Thank you. I want to better understand how I would analyze “longtime homeowners”. I filter for OWNERSHIP=1 (residence is owned), RELATE=1 (householder) and use PERWT (because I want to discuss people, not households); is this fair? As I said, I’m interested in the MOVEDIN variable, which I believe is only recorded for head of the household. How would I characterize my results? I feel confident that this is a universe of homeowners, but possibly a very conservative one that assumes no joint ownership? Or does using PERWT account for this somehow?
In cases of joint ownership, is there a gender bias in whether men or women would be recorded at the head of the household?
This is the table I’m hoping to describe: IPUMS Login ; at the moment I say “A third of Baltimore homeowners have lived in their homes for more than 20 years**”** but please let me know if that’s incorrect.
Additionally I wanted to say how many homeowners there were in the city; I was going to say “nearly 130,000”, would that work given the table I linked?

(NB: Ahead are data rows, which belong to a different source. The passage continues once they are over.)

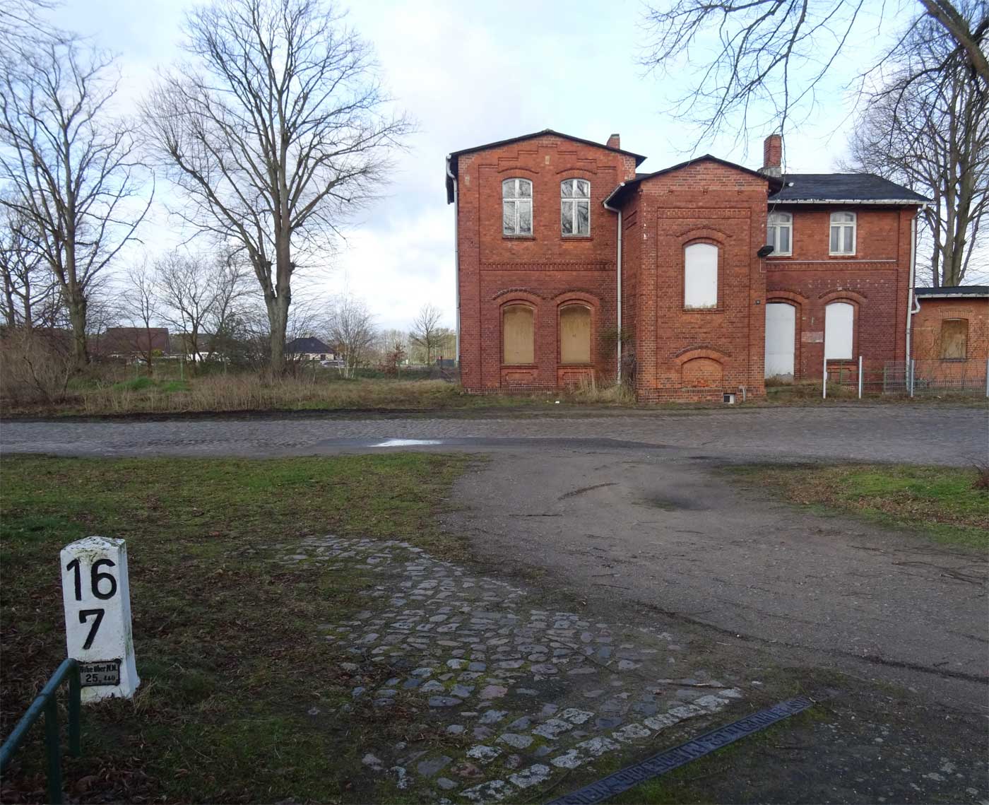 Ludwigslust | 30,28 | km 170,76 der Strecke Berlin Hamburger Bf (Lehrter Bf) 0,0 - Wittenberge 126,62 - Schwarzenbek 279,23 - Hamburg-Altona 293,14 |
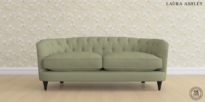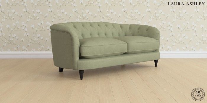 7.0.3 Buy Hathersage by Laura Ashley 3 Seater Small Sofa Edwin Herringbone Hedgerow Green Low Turned - Black from the Next UK online shop Click here to use our accessible website
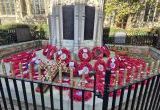 Wreaths by the war memorial outside All Saints' church in Maldon, following the church's Remembrance Day service on 10th November 2024.
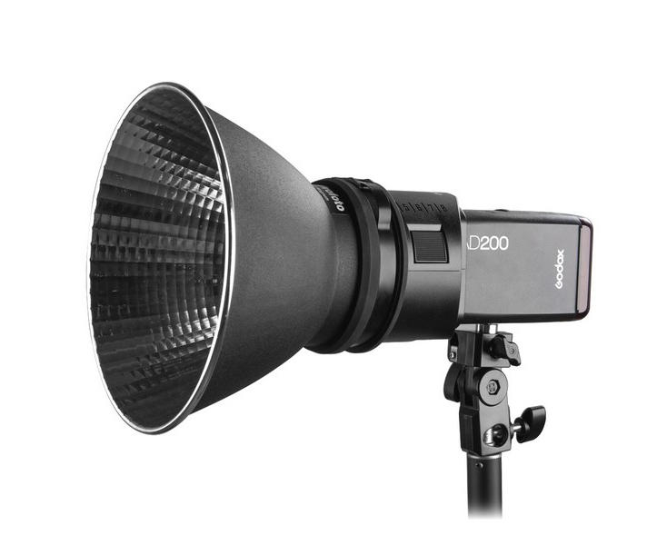 The Godox AD200 Adapter for Profoto Accessories allows the use of Profoto accessories, such as reflectors, speedrings and softboxes, in the Godox AD200 Pocket Flash.
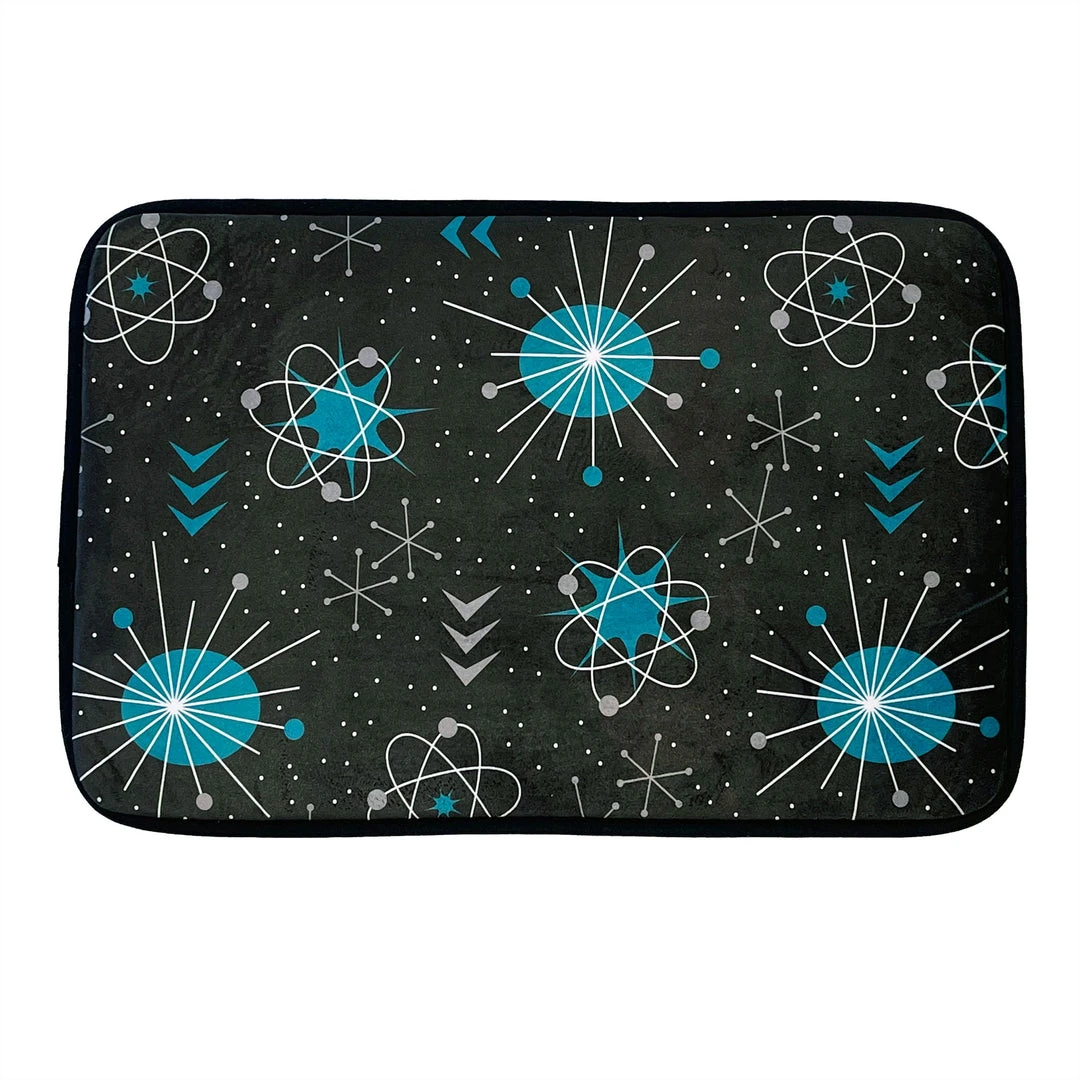 Achieve retro perfection in your home thanks to our Atomica Bath Mat! Designed in house, this soft, slightly cushioned mat features printed graphics of vintage-inspired atomic designs in teal, gray, and white and will safely stay right in place, thanks to an anti-slip backing.

Your request for assistance characterizing the results of your analysis of IPUMS data falls outside the scope of IPUMS User Support. Below I am providing some information below that may be helpful as you work with our data.
You seem to have produced a table estimating the number of householders by how many years ago they moved into their home. The weight PERWT should be used with most person-level analyses of IPUMS USA data. In a person-level analysis, the individual is the unit of analysis. When you restrict your analysis to only householders (i.e., RELATE == 1), keep in mind that the unit of analysis then becomes householders, rather than all individuals. You are correct that the concept of householder is not identical to the concept of homeowner, due to joint ownership. Joint ownership is not identified in the ACS, as only one person is designated as the householder, and the household as a whole is described as living in an owned versus rented dwelling. It is worth thinking through the implications of restricting to householders for your specific analysis and the information you are trying to convey.
Generally, the householder is the person in whose name the dwelling is rented or owned, and you are correct that this could become biased in the case of joint ownership. As a starting point, you could determine what share of householders are male versus female. This article from the Urban Institute digs into different ways to think about gender bias in householder identification and understanding home ownership.